Poutine n'a pas changé ce système. Il n'a fait qu'en prendre le contrôle, l'a accru dans la mesure du possible sans provoquer de conflits globaux et l'a exploité au maximum pour régler les tâches prioritaires et fondamentales: 1) écarter les oligarques du pouvoir et empêcher leur participation directe à son exercice; 2) éliminer la menace directe d'éclatement en domptant les gouverneurs régionaux; 3) rétablir la capacité de défense du pays et régénérer le bouclier stratégique nucléaire; 4) arrêter ou ralentir la dégradation des structures socio-communales (éducation, médecine, culture, service public).
Mais aujourd'hui, les capacités du système du capitalisme compradore russe et de démocratie contrôlée sont pratiquement épuisées pour remplir ces missions. Il ne peut plus être exploité, on ne peut plus en extraire de ressources pour des changements positifs.

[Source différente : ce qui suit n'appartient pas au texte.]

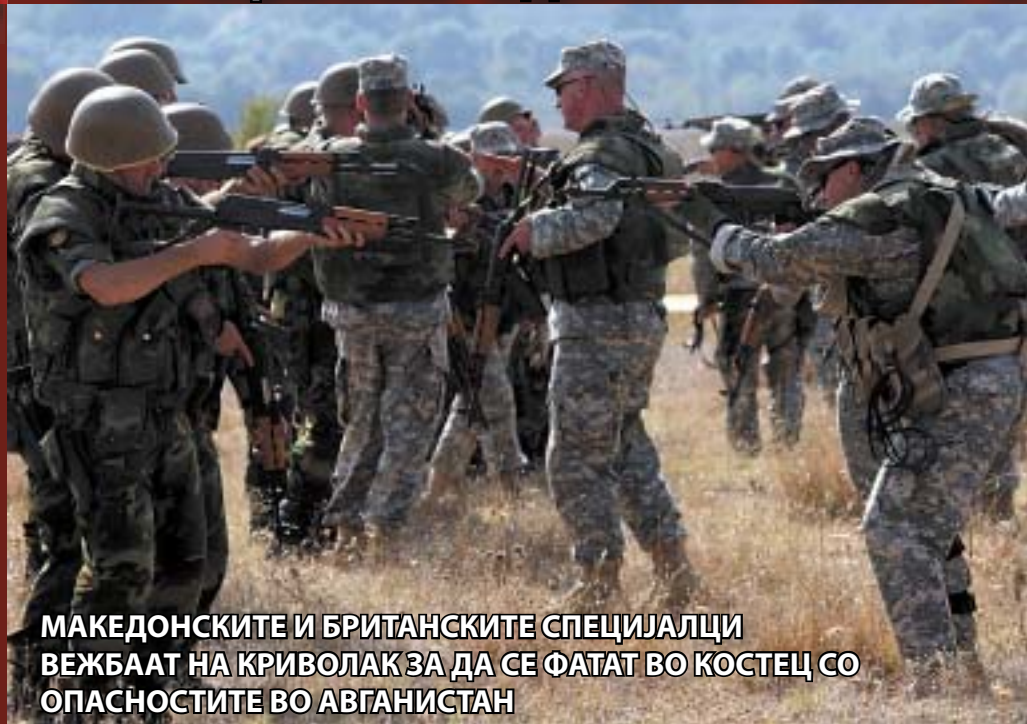
МАКЕДОНСКИТЕ И БРИТАНСКИТЕ СПЕЦИЈАЛЦИ ВЕЖБААТ НА КРИВОЛАК ЗА ДА СЕ ФАТАТ ВО КОСТЕЦ СО ОПАСНОСТИТЕ ВО АВГАНИСТАН

Овие прашања малку се елаборираат во јавноста, иако во регионот расте интересот за "кираџиските" услови, односно сè повеќе Хрватите, Србите и другите нации почнуваат многу потемелно да размислуваат за нивното влегување во Алијансата. Притоа, пресметале колку треба да дадат, а колку ќе изгубат, бидејќи коцкањето со НАТО е тешка работа.
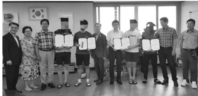
법사량위원회가 380만원 상당의 운동의류와 물품을 학생들에게 선물했다.
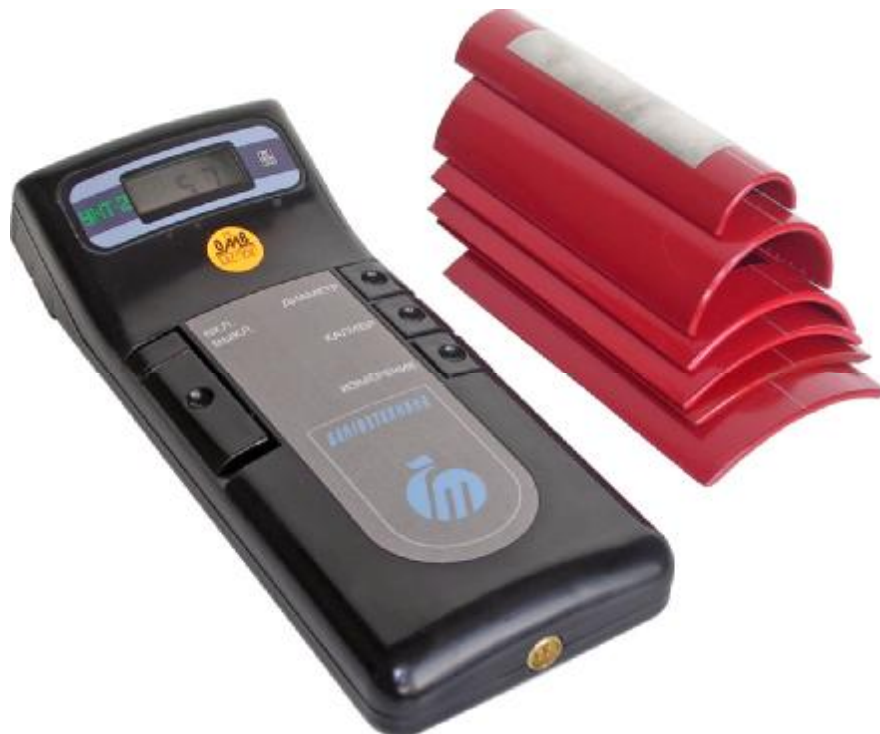
Рисунок 1 Внешний вид устройства контроля толщины изоляции УКТ-2

Внутри корпуса установлена плата и преобразователь. Последний закреплен в верхней части корпуса. В месте расположения преобразователя снаружи на боковых стенках корпуса имеются две плавающие опоры для ориентации устройства при измерении.

Il faut changer le système en soi pour s'adapter à la situation qui évolue rapidement. Les décisions prises par Poutine concernant la Crimée et le Donbass insurgé dépassent (selon le maître du monde) le cadre des décisions acceptables pour un "pays producteur de matières premières en retard". La Russie a exprimé par les actes son désaccord avec un tel rôle. Le discours de Valdaï établi le cadre politique de cette action, et cela signifie que nous devons désormais correspondre aux ambitions déclarées et avons l'obligation de réorganiser notre système politico-économique.